2ème option : sans enfouissement des implants
La gencive est suturée en laissant dépasser la tête des implants. La gencive cicatrise directement autour des implants. Cette technique permet d’éviter un deuxième temps chirurgical pour dégager la tête des implants. En revanche, les implants sont moins bien protégés pendant la période d’intégration osseuse. Cette option est réservée aux cas les plus favorables.

L'analyse pré-implantaire

Réalisation d’un projet prothétique
La mise en place d’implants est avant tout destinée à supporter une prothèse qui doit être esthétique et fonctionnelle. C’est donc le projet de la future prothèse qui va guider la mise en place des implants. Lorsqu’il s’agit de projets prothétiques simples (une ou deux dents), la planification du traitement est relativement aisée. Pour des projets complexes, une analyse plus poussée est parfois nécessaire, avec la réalisation de divers « maquettes » ou « guides » permettant d’anticiper et de prévoir, sur des modèles et/ou dans la bouche, la position des futures dents prothétiques. Une planification totalement informatisée peut également être utilisée dans certaines situations.
Un examen dentaire et buccal sera effectué afin d’évaluer l’état de la zone à implanter et de rechercher d’éventuelles caries ou gingivites à traiter conjointement au problème de dents manquantes.

Planification de l’intervention chirurgicale
Une fois le projet prothétique validé, le chirurgien doit voir dans quelles conditions il est possible de placer des implants pour soutenir la future prothèse. Le volume osseux est analysé afin de déterminer la nécessité ou non de réaliser une greffe osseuse.

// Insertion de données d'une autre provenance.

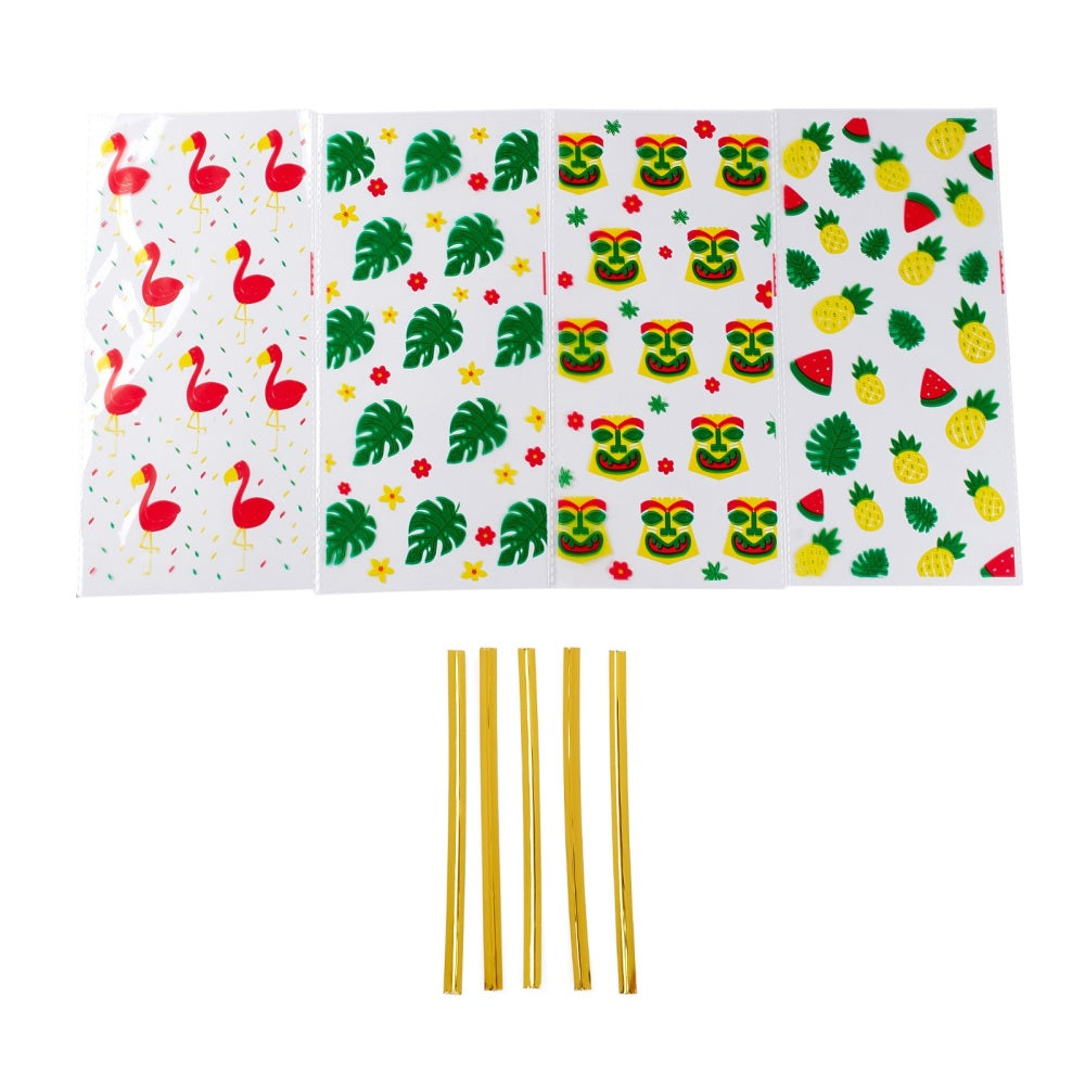 2 Bag OPP Plastic Storage Bags, Hawaii Theme, for Party Candy, Cookies, Gift Packaging, Rectangle, Mixed Patterns, 27x13x0.01cm, Binding Wire: 8x0.4x0.04cm, 100pc/bag

La longueur et le diamètre de chaque implant sont également déterminés à ce moment.
La réalisation d’un projet prothétique correct et d’une intervention chirurgicale bien planifiée vont être les garants d’un résultat fonctionnel et esthétique prévisible.

Douleur et implants dentaires

Quelles sont les suites opératoires ?
Après la mise en place d’implants, diverses réactions peuvent apparaître :
- Une douleur : elle dépend principalement de l’importance de l’intervention, c’est-à-dire du nombre d’implants posés dans la séance. La douleur post-opératoire est très variable d’une personne à une autre. De façon générale, pour la mise en place de 1 ou 2 implants, la douleur est nulle ou faible. Pour des interventions plus importantes, une gêne supplémentaire est à prévoir pendant quelques jours.
- Un œdème : il s’agit d’un gonflement de la gencive et de la joue lié à la réaction inflammatoire qui suit toute intervention chirurgicale. Il est souvent présent de façon très légère. Dans certains cas, il peut s’avérer plus important.
- Un hématome : il est dû à un saignement interne qui persiste de façon transitoire après l’intervention et survient occasionnellement. Lorsqu’il est étendu, il peut paraître impressionnant mais il est rarement inquiétant.
Lorsque ces suites opératoires vous semblent supérieures aux prévisions de votre chirurgien-dentiste, n’hésitez pas à le lui signaler rapidement afin de détecter une éventuelle complication.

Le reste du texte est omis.